Услышал себя

Что же это за чувство, эта острая, почти зубная боль в душе, когда прошлое, которое ты считал давно переломанным, утилизированным, вдруг возвращается, не стучась в дверь, а прорастает сквозь паркет, подобно тому как в старых домах сквозь полы пробиваются упрямые, белесые корни? Оно приходит не в виде образа или звука, а как особое ощущение атмосферы, как изменение давления перед грозой. И тогда ты понимаешь, что нигде и никогда не был. Все это время ты находился там, в том единственном, невозвратимо точечном лабиринте, и лишь иллюзия движения заставляла тебя верить в путь.

Для Арсения, скрипача, чья карьера медленно, но верно тлела в уютной яме второго ряда оркестра, таким триггером стал запах. Не редкий парфюм, не духи давно ушедшей женщины, а прозаический, резкий запах канифоли, взбитой в густую белую пену на колодке новичка-альтиста в репетиционной. Этот запах ворвался в его ноздри, и мир тут же сложился в многомерную конструкцию, где он, семнадцатилетний, снова стоял на крыльце дачи под Звенигородом, дрожа не столько от июльской жары, сколько от предчувствия унижения.

Там, в этом раю для избранных, проходил летний семинар его величества Мстислава Даниловича Львова, человека, чья фамилия была синонимом не просто виртуозности, а некой высшей, почти биологической формы существования музыки. Львов был не учителем, он был естественным порядком вещей, подобно гравитации или смене времен года. Его дача, с ее стеклянной стеной, выходящей на изгиб реки, была не домом, а музеем, где экспонатами были тишина, свет и редкие породы дерева. Арсений, сын скромного преподавателя из провинциальной музыкальной школы, попал туда по стипендии, как диковинный экземпляр, выловленный в глубине страны для краткого осмотра.

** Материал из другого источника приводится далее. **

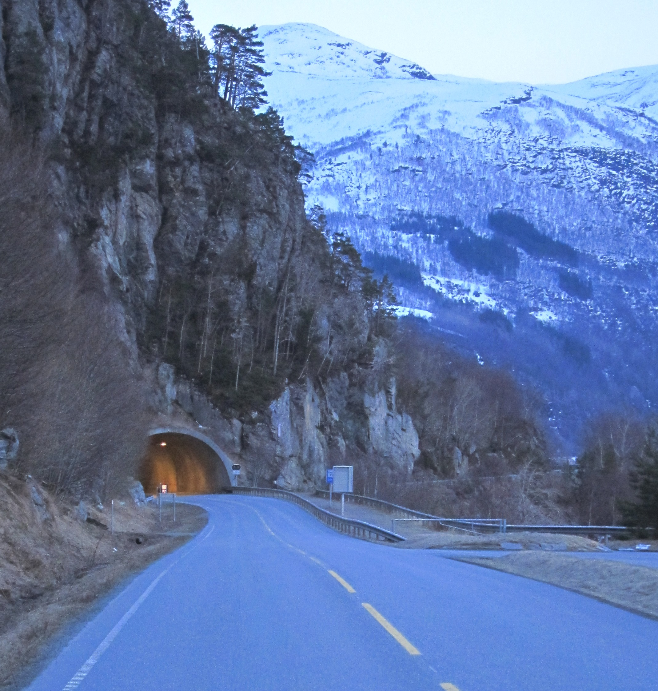 Dyrkorn tunnel on road 650, Møre og Romsdal county, Norway, western entrance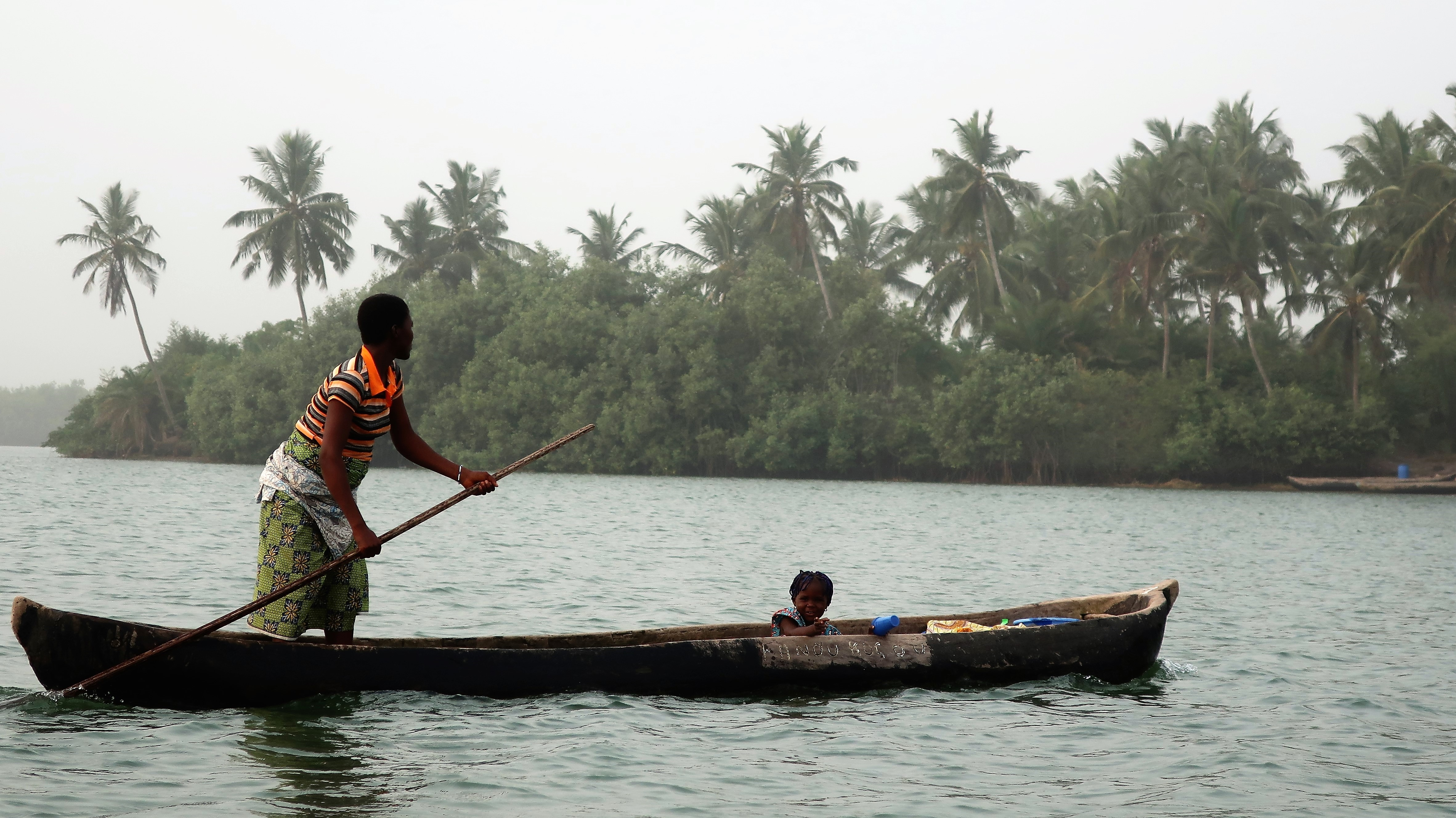 A lady steering her boat with child, crossing the lagoon.

И там же была она, его дочь, Лика. Не Таня, с ее морскими пуговицами и собачкой, а Лика — существо иного порядка. Ее волосы были темно-медового цвета, и она держала скрипку не как инструмент, а как продолжение собственной ключицы. Когда она играла, даже просто гаммы, воздух в комнате становился осязаемым, словно ты мог бы потрогать ноты. Арсений наблюдал за ней из своего угла, где он судорожно перебирал пассажи из Паганини, и горячая  ненависть поднималась в нем. Это была ненависть к врожденной предрасположенности. К тому легкому, изящному изяществу, с которым она отодвигала со лба прядь, к тому, как ее пальцы, словно созданные не из кости и плоти, а из какого-то тонкого полированного стебелька, ложились на струны.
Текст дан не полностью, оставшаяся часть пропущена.